(EXERCISE DATA Opens)

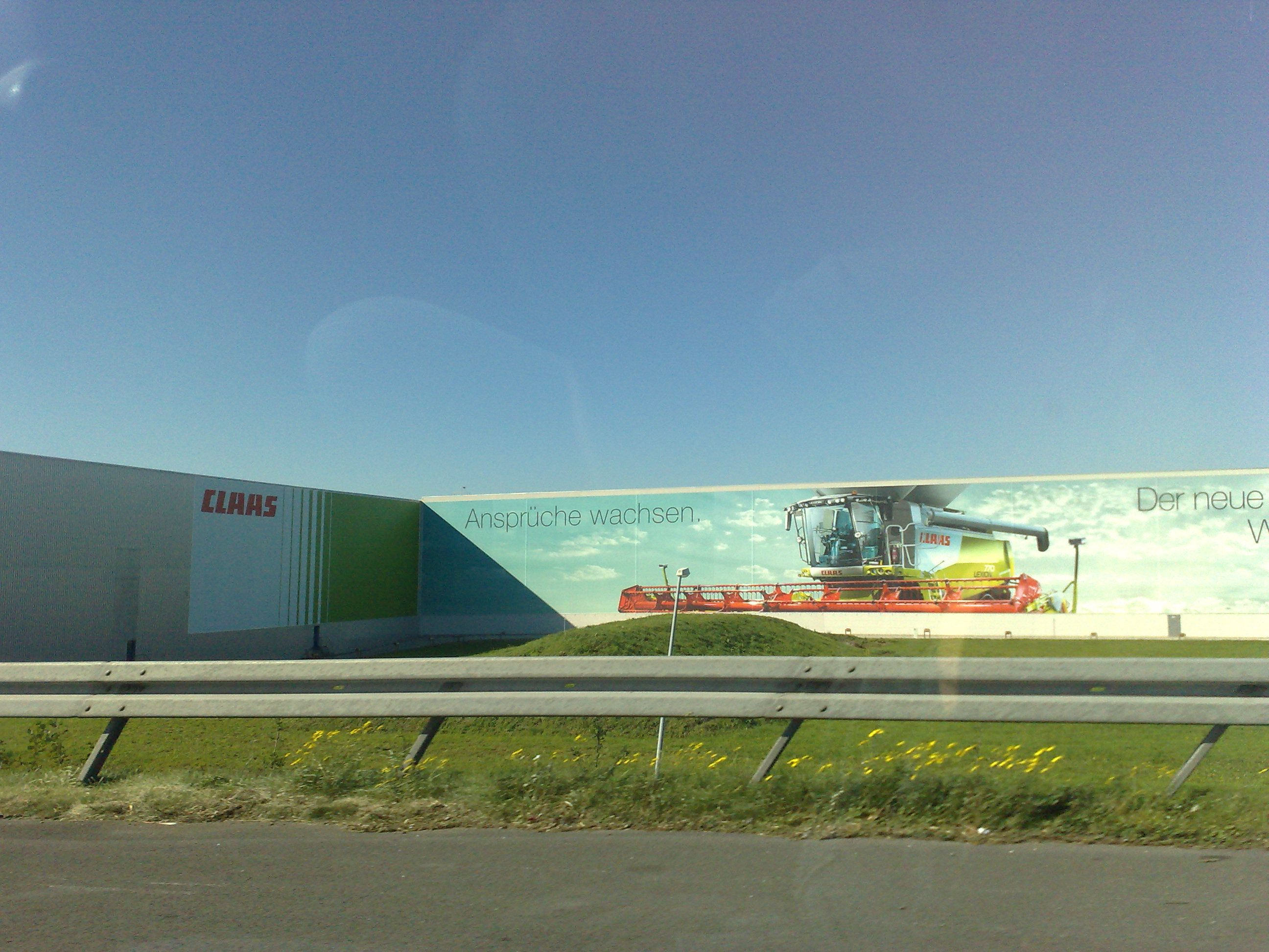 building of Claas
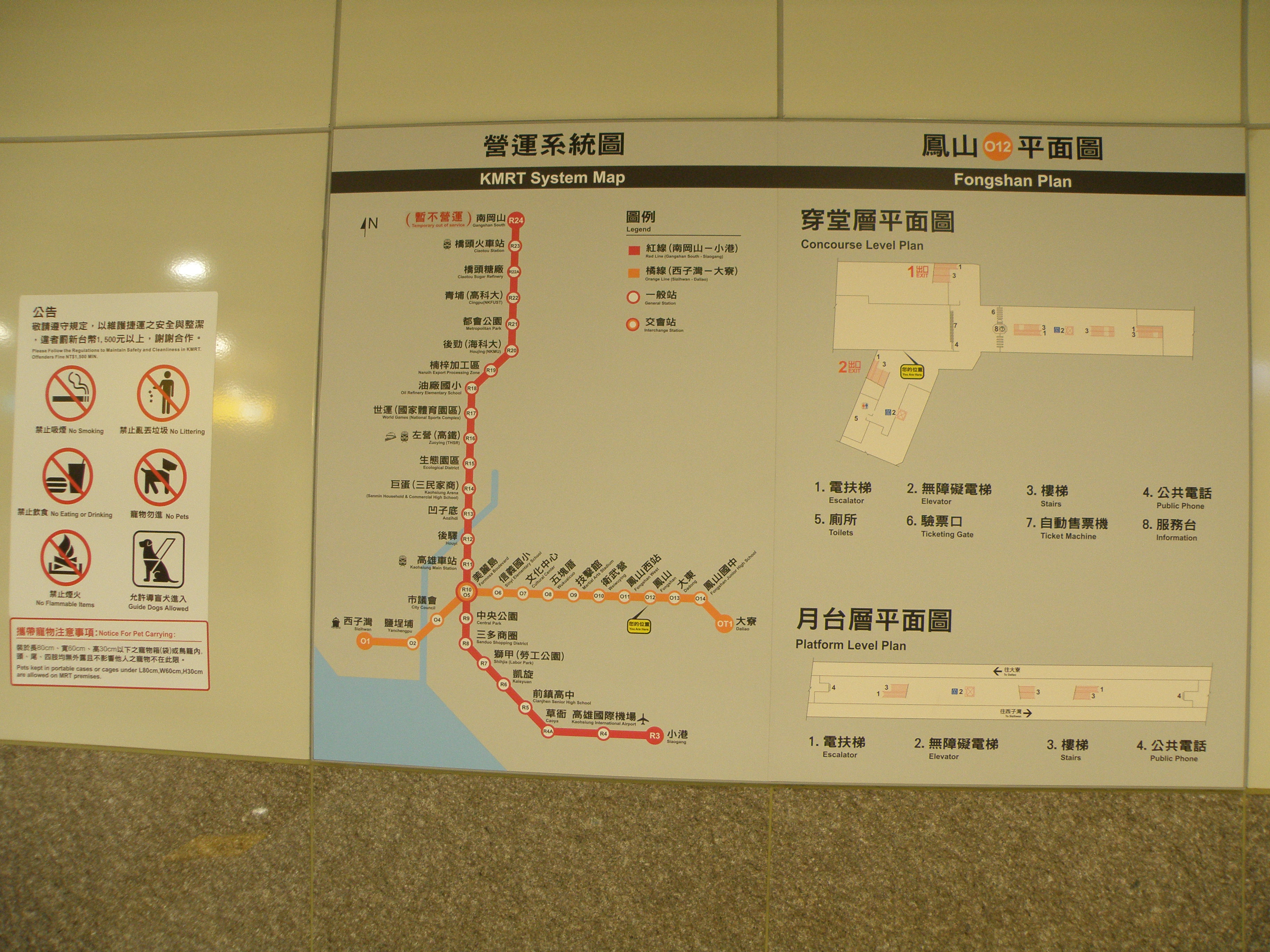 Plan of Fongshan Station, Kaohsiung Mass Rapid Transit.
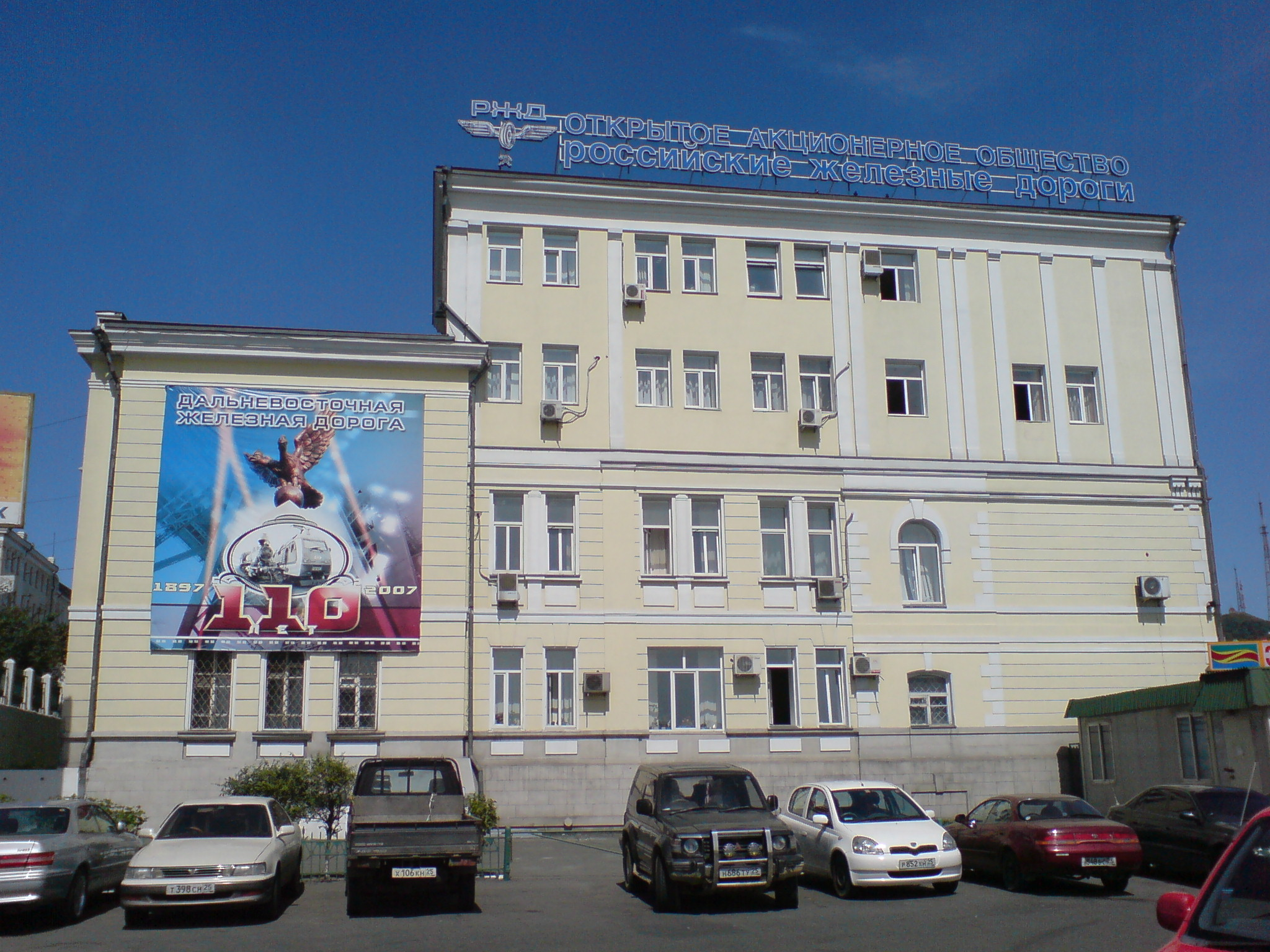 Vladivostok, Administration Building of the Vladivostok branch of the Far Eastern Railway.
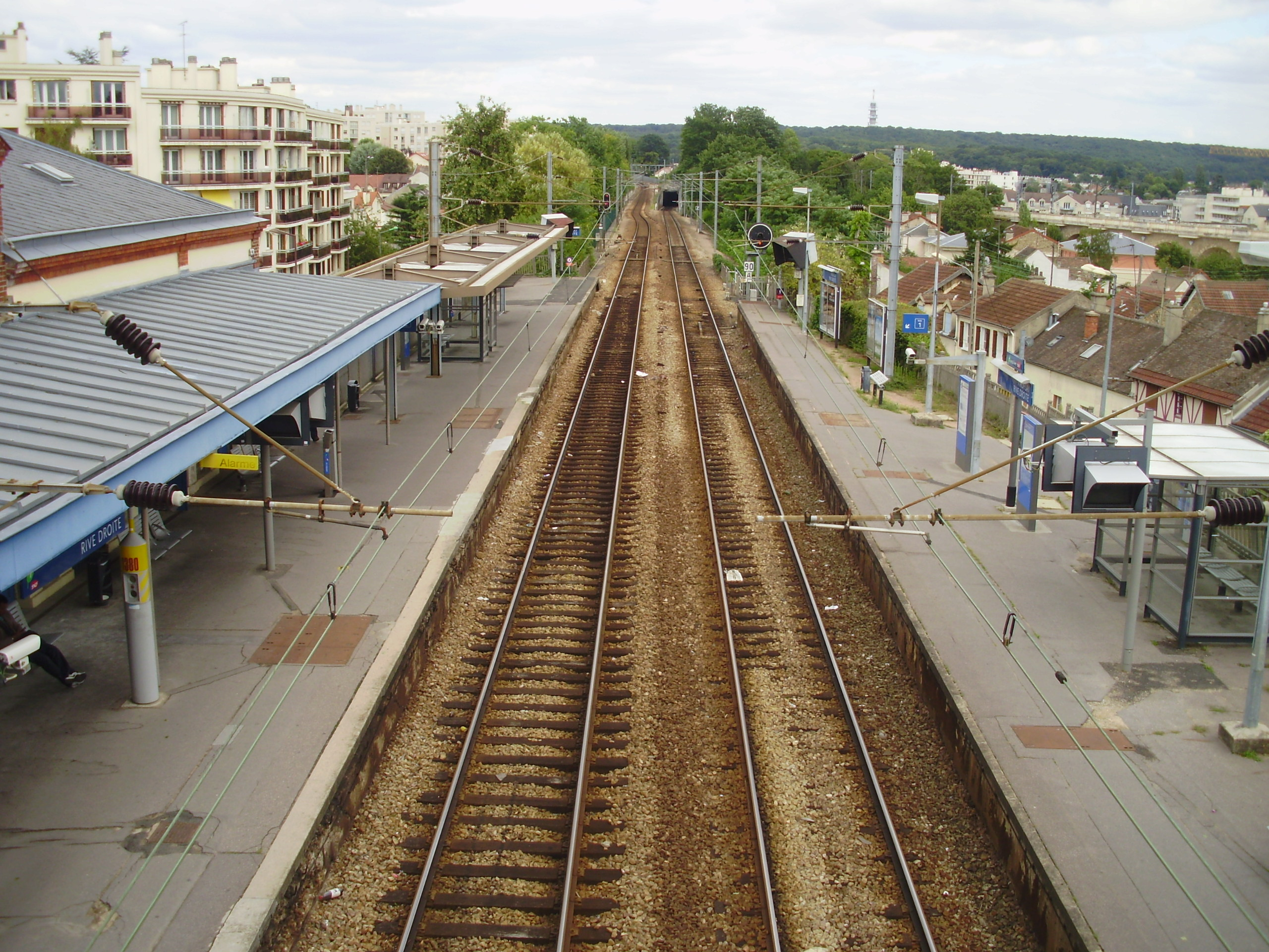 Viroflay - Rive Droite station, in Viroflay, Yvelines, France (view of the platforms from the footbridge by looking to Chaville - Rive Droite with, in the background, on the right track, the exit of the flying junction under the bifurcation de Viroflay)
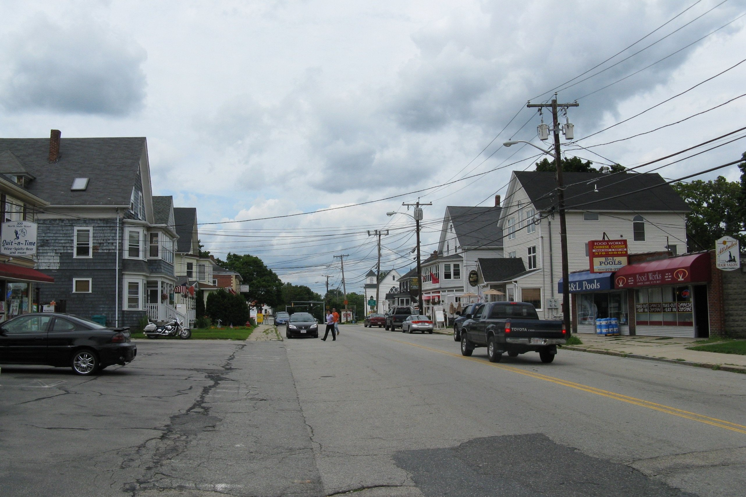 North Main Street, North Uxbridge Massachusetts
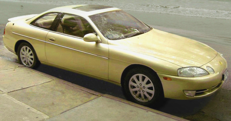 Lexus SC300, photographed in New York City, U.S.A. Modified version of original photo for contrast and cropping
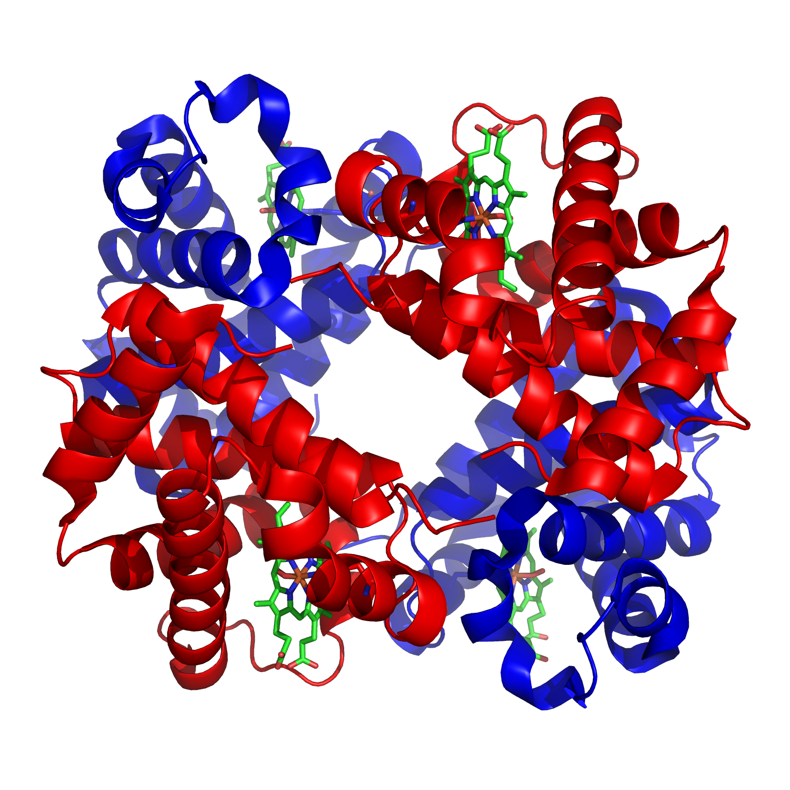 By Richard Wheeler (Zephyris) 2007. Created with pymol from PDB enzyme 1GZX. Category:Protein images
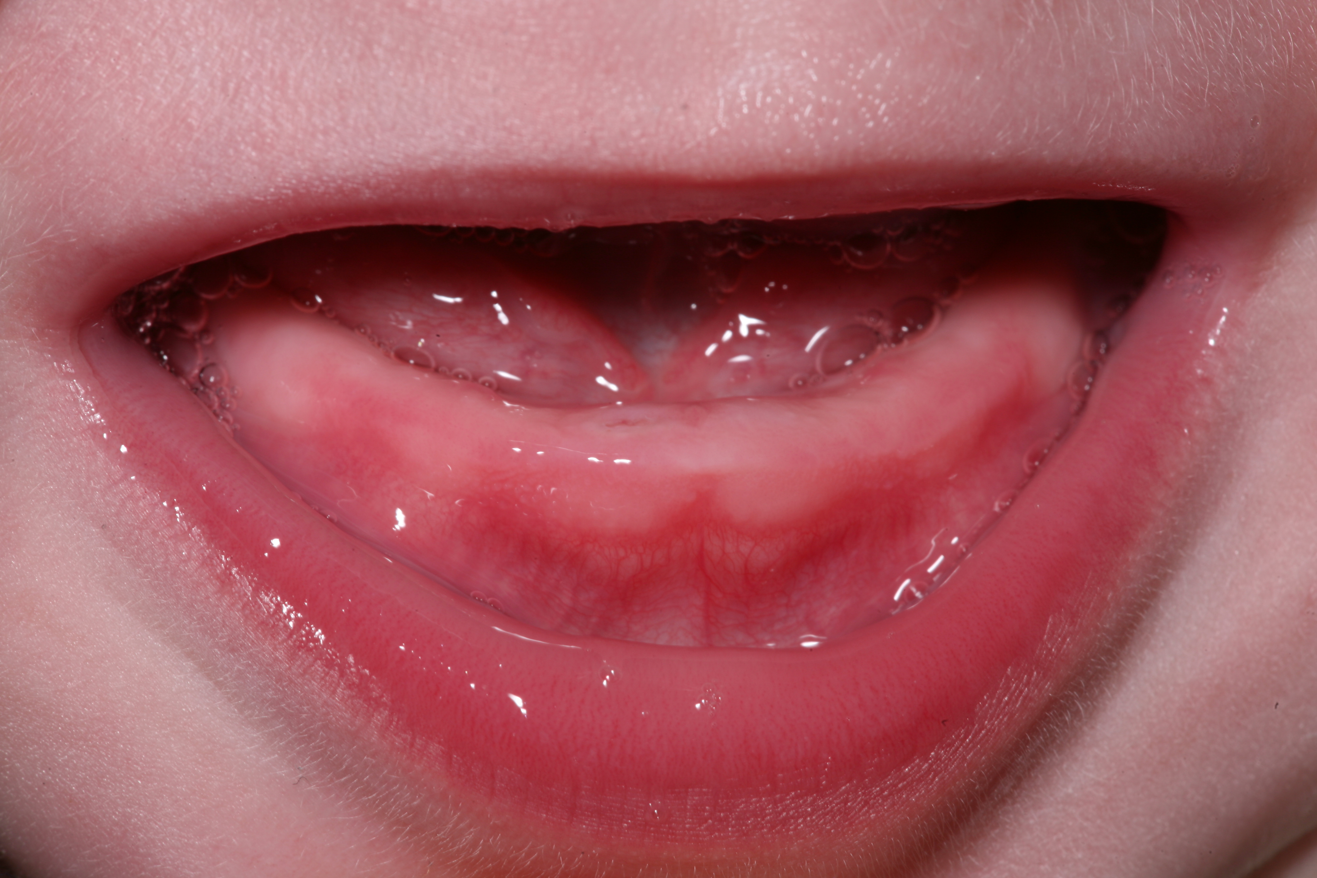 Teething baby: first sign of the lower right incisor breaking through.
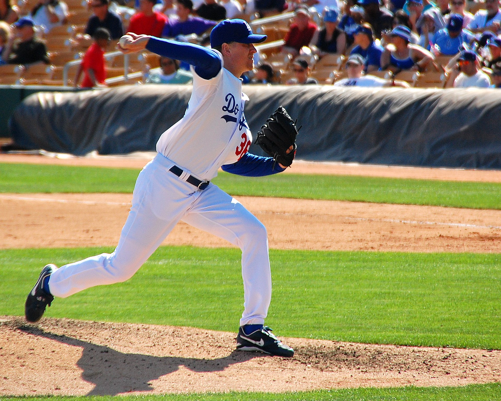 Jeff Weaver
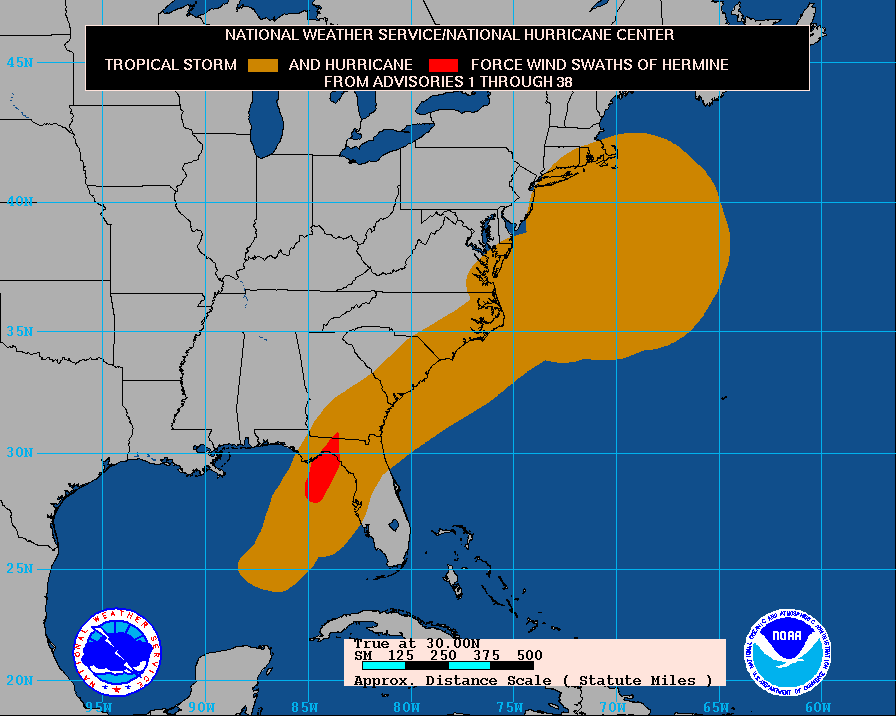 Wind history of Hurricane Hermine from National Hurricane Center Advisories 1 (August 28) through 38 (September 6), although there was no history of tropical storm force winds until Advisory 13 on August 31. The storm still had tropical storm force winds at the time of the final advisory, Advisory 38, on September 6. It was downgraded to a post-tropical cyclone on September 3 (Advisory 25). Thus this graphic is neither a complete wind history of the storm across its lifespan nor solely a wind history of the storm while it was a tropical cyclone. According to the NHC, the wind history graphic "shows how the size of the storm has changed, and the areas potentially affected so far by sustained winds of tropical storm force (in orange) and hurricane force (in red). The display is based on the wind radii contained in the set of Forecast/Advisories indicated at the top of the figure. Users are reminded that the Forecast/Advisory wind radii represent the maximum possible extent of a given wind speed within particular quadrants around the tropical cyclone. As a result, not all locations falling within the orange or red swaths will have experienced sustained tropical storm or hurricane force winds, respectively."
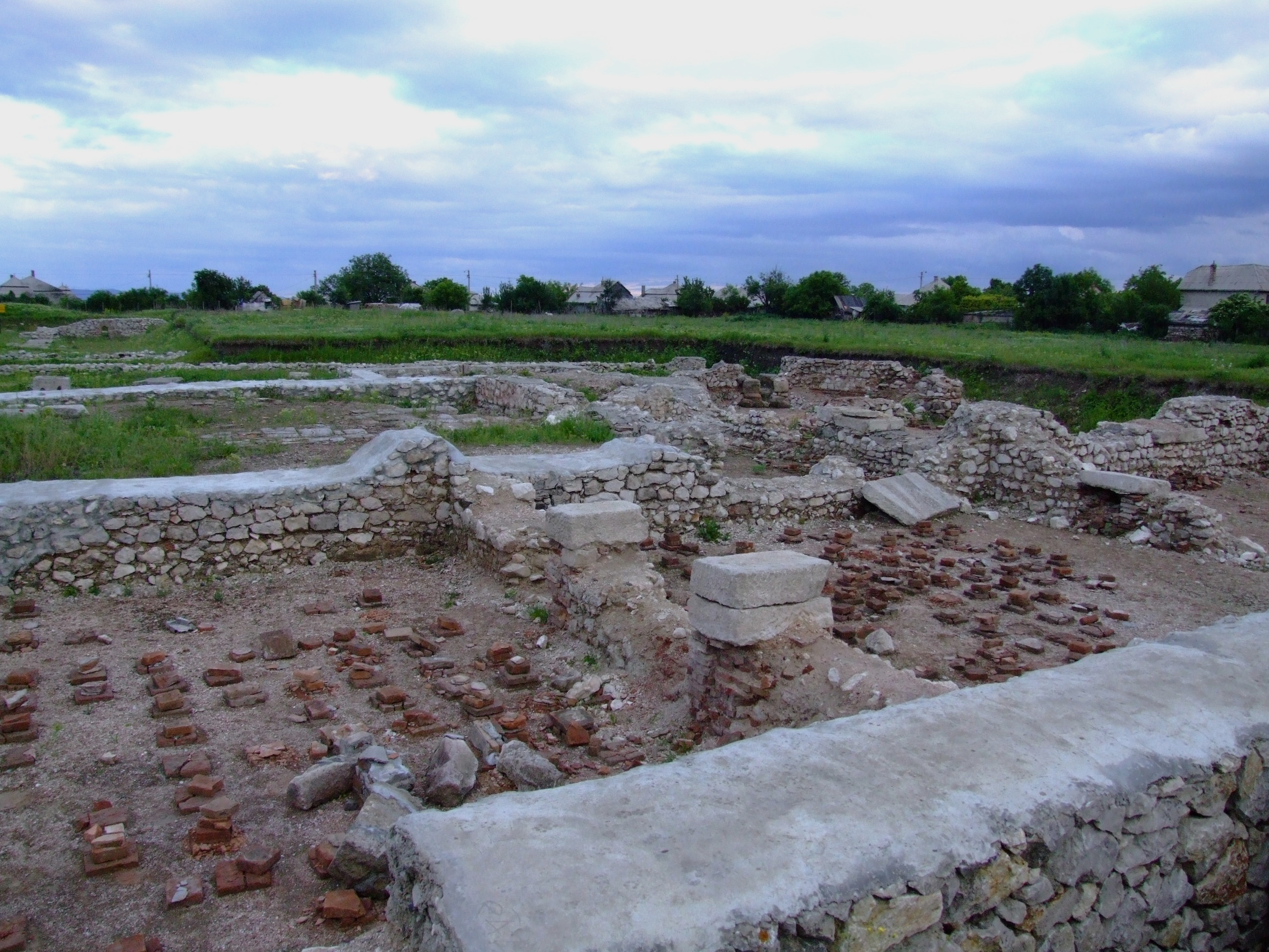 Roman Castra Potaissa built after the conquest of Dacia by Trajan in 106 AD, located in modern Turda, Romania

(EXERCISE DATA Closes)

WHAT TO PRODUCE: Word for word, restate all of the entries above and leave each picture out.

TASK RESPONSE:
 building of Claas
 Plan of Fongshan Station, Kaohsiung Mass Rapid Transit.
 Vladivostok, Administration Building of the Vladivostok branch of the Far Eastern Railway.
 Viroflay - Rive Droite station, in Viroflay, Yvelines, France (view of the platforms from the footbridge by looking to Chaville - Rive Droite with, in the background, on the right track, the exit of the flying junction under the bifurcation de Viroflay)
 North Main Street, North Uxbridge Massachusetts
 Lexus SC300, photographed in New York City, U.S.A. Modified version of original photo for contrast and cropping
 By Richard Wheeler (Zephyris) 2007. Created with pymol from PDB enzyme 1GZX. Category:Protein images
 Teething baby: first sign of the lower right incisor breaking through.
 Jeff Weaver
 Wind history of Hurricane Hermine from National Hurricane Center Advisories 1 (August 28) through 38 (September 6), although there was no history of tropical storm force winds until Advisory 13 on August 31. The storm still had tropical storm force winds at the time of the final advisory, Advisory 38, on September 6. It was downgraded to a post-tropical cyclone on September 3 (Advisory 25). Thus this graphic is neither a complete wind history of the storm across its lifespan nor solely a wind history of the storm while it was a tropical cyclone. According to the NHC, the wind history graphic "shows how the size of the storm has changed, and the areas potentially affected so far by sustained winds of tropical storm force (in orange) and hurricane force (in red). The display is based on the wind radii contained in the set of Forecast/Advisories indicated at the top of the figure. Users are reminded that the Forecast/Advisory wind radii represent the maximum possible extent of a given wind speed within particular quadrants around the tropical cyclone. As a result, not all locations falling within the orange or red swaths will have experienced sustained tropical storm or hurricane force winds, respectively."
 Roman Castra Potaissa built after the conquest of Dacia by Trajan in 106 AD, located in modern Turda, Romania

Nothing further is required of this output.